__The input__

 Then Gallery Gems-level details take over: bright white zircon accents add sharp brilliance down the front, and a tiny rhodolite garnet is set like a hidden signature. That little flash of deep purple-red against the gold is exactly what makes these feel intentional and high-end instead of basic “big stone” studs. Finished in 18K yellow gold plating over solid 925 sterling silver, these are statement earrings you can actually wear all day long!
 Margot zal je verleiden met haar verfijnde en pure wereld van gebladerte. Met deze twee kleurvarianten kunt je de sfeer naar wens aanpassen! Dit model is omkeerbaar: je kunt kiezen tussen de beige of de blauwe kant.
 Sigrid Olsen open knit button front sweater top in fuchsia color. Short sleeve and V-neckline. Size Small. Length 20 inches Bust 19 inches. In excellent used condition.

==

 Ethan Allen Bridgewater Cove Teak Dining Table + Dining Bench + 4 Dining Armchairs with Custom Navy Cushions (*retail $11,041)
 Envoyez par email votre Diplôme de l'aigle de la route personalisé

__Directions for this task__
Return exactly the lines above from the line that has "Then Gallery Gems-level" through the line that has "Sigrid Olsen open", inclusive, and nothing else.

__Result__
 Then Gallery Gems-level details take over: bright white zircon accents add sharp brilliance down the front, and a tiny rhodolite garnet is set like a hidden signature. That little flash of deep purple-red against the gold is exactly what makes these feel intentional and high-end instead of basic “big stone” studs. Finished in 18K yellow gold plating over solid 925 sterling silver, these are statement earrings you can actually wear all day long!
 Margot zal je verleiden met haar verfijnde en pure wereld van gebladerte. Met deze twee kleurvarianten kunt je de sfeer naar wens aanpassen! Dit model is omkeerbaar: je kunt kiezen tussen de beige of de blauwe kant.
 Sigrid Olsen open knit button front sweater top in fuchsia color. Short sleeve and V-neckline. Size Small. Length 20 inches Bust 19 inches. In excellent used condition.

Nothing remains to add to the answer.